News

Lobby Seven’s Empty Plinths To be Replaced Via Competition

2596 plinthcontest
Students sit atop a plinth in the corner of Lobby 7 as pedestrians walk past on Nov. 5. The Class of ’54 will be holding a student contest for designs to sit atop the pedestals, which were left unfinished after Lobby 7 was built in 1939.
Sam Range—The Tech

Unnoticed to thousands of students, faculty, and tourists passing through Lobby 7 every day, MIT’s iconic William Bosworth-designed entrance has sat unfinished since its construction in 1939. Now, the Class of 1954 is preparing a student design contest to fill the four bare pedestals in the corners of the lobby.

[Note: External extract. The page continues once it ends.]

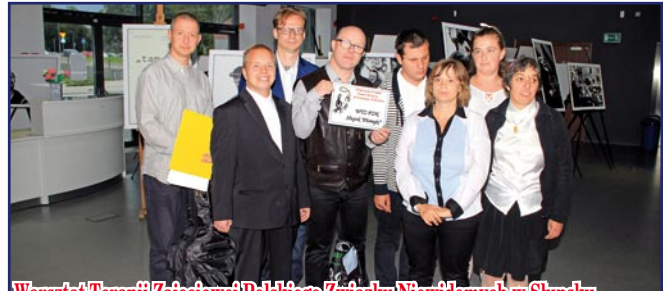
Warsztat Terapii Zajęciowej Polskiego Związku Niewidomych w Słupsku.

The competition, which will officially open in May 2010, is open to MIT students and will award prizes of $10,000, $2,500, and $1,000 to the top three designs in both the undergraduate and graduate student categories. A joint venture of the Class of ’54, the School of Architecture and Planning, and the MIT Museum, the contest will be part of the upcoming “MIT 150” anniversary celebrations.

The four plinths were originally intended to support four sculptures of ancient Greek thinkers Aristotle, Ictinus, Archimedes, and Callicrates, but contest organizers are looking for more MIT-centric submissions.

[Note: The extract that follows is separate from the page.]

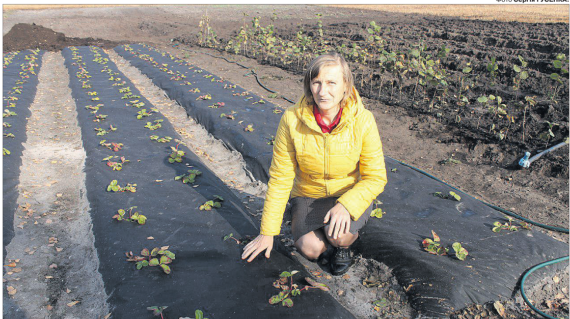
Для власного споживання вирощують полуницю, рядки якої вкривають агроволокном.

Минулого року весною поблизу будинку господарі висадили й 70 однолітніх і дволітніх

“This is where we can ask the students — after 150 years — what is the Institute?” said Joseph P. Blake ’54 during yesterday’s kickoff meeting of the Design Competition Committee. “The requirements are very simple — we’re not trying to say what [the design] should be or look like, just that it represent MIT’s spirit of ‘Mens et Manus.’”

The competition will be divided into two phases. The preliminary round, stretching from May 7 to November 5, 2010, requires only the submission of concept drawings. A panel of MIT faculty, Class of ’54 representatives, and MIT-affiliated architects will select about 12 finalists, split evenly between undergrad and graduate submissions.

Each finalist will receive a $400 stipend to develop their concept for public display in the Elliot K. Wolk Gallery before the announcement of the three winning designs in each category on April 15, 2011.

According to MIT President Emeritus Paul E. Gray ’54, President of the Class of ‘54, the competition has been enthusiastically received by the administration, but contest organizers stress that there is no guarantee that a winning design will be erected in Lobby 7. Implementing a design would be at the discretion and pocketbook of the Institute.

A primary goal of the competition is engagement of the student body. “This is a competition for MIT students,” says Mark M. Jarzombek PhD ’86, Associate Dean of the School of Architecture and Planning. “No professional architects, sculptors, Harvard people — just MIT students. That’s what it’s all about.”